Carnosaur 2 is a fascinating exercise in blunt force storytelling. It’s like a term paper written by a college freshman who missed most of the semester fighting a public intoxication conviction in Hilton Head, South Carolina. The creative powers behind Carnosaur 2 knew they wanted a sequel to Carnosaur, but they had so little inspiration that the film has nothing to do with the original, and is in fact a remake of a sequel to a different movie.
The film is set in the Yucca Mountain Nuclear Waste Repository, which is a real place, sort of. It is a proposed underground storage facility for radioactive material, but it hasn’t actually been built yet. Allegedly. But Carnosaur 2 presupposes that it has. Not only that, but in the process of drilling tunnels deep beneath the earth, the government uncovered dormant dinosaur eggs. Uh, I think. They might have found the eggs in some other project dig site and transported them to Yucca Mountain. I can’t be sure, because I’ve already seen this movie twice, one of those viewings was in the seventh grade, and I’m not watching it a third time.

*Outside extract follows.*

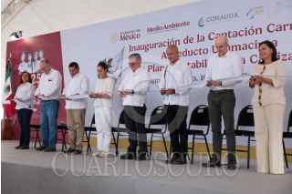 VILLAHERMOSA, TABASCO, 16MARZO2025.- Javier May Rodríguez, gobernador de Tabasco; Claudia Sheinbaum, Presidenta de México, y Jesús Esteva, secretario de Infraestructura, encabezaron la inauguración de la Plata Potabilizadora "El Carrizal II", ubicada en la carretera Bosque de Saloya, colonia Ranchería Emiliano Zapata. FOTO: PRESIDENCIA/CUARTOSCURO.COM

Anyway, the details don’t really matter, because the point is the dinosaurs have broken loose in Yucca Mountain and eaten absolutely everyone inside. They’ve also completely trashed the place, like the time I tried to install a wall mount for my television.

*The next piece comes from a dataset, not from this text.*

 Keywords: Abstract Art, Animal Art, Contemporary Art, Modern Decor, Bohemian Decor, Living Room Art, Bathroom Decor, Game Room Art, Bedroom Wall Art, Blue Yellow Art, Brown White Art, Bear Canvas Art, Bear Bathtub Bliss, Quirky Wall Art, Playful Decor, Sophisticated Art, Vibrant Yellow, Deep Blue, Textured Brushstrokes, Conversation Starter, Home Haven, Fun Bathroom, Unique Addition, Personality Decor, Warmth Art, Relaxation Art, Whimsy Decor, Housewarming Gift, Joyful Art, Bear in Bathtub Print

A badass team of mercenary nuclear technicians arrives, because that is a combination of words Carnosaur 2 boldly wants me to accept.

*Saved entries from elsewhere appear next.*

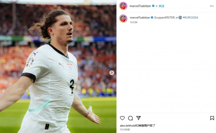 6月26日讯 奥地利在本轮欧洲杯3-2击败荷兰,打进制胜球的萨比策在赛后发文纪念。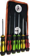 Bez Çantalı Renkli - Kauçuk Kaplama Saplı Darbeli 6lı Set Çift Taraflı Tornavida Takımı
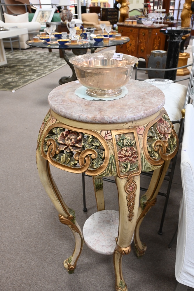 Contemporary Marble Top Tall Pedestal, height 39 inches, diameter 16 inches.

But they quickly realize this is no mere equipment malfunction when they encounter evidence of a massacre, the lone survivor of which is a catatonic teen.
Incidentally, this teen is dressed like a process server trying to sneak up on Eddie Vedder, because it is the year nineteen hundred and ninety five.
But then the team’s badass leader is killed in a sudden dinosaur attack.
When they attempt to evacuate, their helicopter pilot is ambushed by a velociraptor hand puppet.
The helicopter crashes and the team is stranded.
Their boss, a swirling dickweed working for the government, attempts to betray them in order to keep the dinosaurs a secret from the rest of the world.
But the team has to put aside their differences and escape the facility before radioactive material leaking from all the dinosaur violence causes the mountain to explode.
But before they’re able to execute their escape plan, angry raptor puppets breach the control room. One badass technician gets snatched through a grate.
The prickish company man and the perpetually angry badass blow themselves up to avoid being eaten.
The only survivors are Scummy Teen and Fake Plissken, who is haunted by the loss of his Dead Family. Fake Plissken is played by John Savage, who was in The Deer Hunter, so his hauntedness is authentic, because he has seen what a good movie looks like.
Fake Plissken is captured by the dinosaurs, so Scummy Teen leaves the rescue chopper and goes back down into the facility to save him, only to come face to face with a Tyrannosaurus Rex.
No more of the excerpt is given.